_Task prompt_.
Would you retype exactly the lines below, starting with the one that has "working edge, |" and going on through the one that has "this is a scullery", with no pictures and nothing else?
━━ Material for this exercise
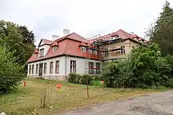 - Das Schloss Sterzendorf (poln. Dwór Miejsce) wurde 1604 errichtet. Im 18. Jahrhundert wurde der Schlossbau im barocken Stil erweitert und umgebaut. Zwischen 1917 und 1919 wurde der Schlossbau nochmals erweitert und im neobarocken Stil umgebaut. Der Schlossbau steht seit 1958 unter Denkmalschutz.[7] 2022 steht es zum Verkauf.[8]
━━━━
━━ Material for this exercise
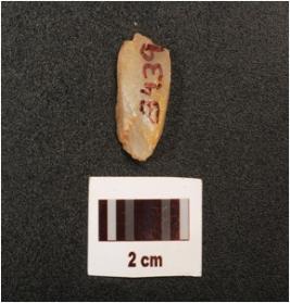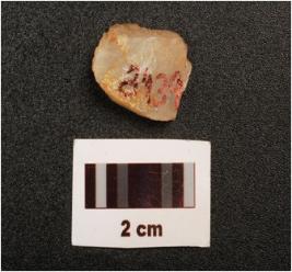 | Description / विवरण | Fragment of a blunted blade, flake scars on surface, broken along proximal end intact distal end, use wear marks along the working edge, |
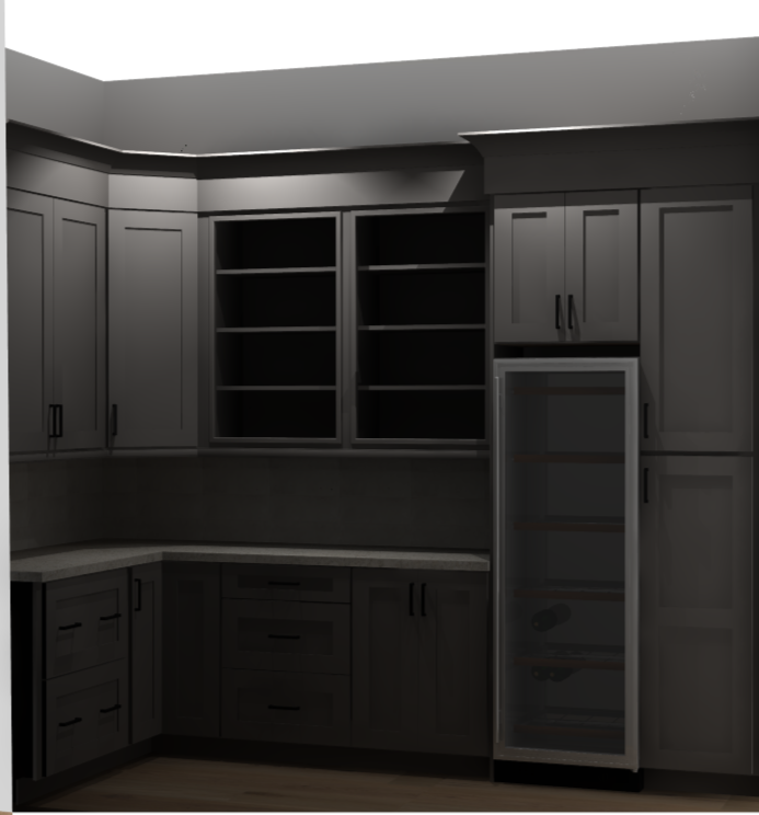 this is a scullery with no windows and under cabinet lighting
━━━━
_Output below_.
 | Description / विवरण | Fragment of a blunted blade, flake scars on surface, broken along proximal end intact distal end, use wear marks along the working edge, |
 this is a scullery with no windows and under cabinet lighting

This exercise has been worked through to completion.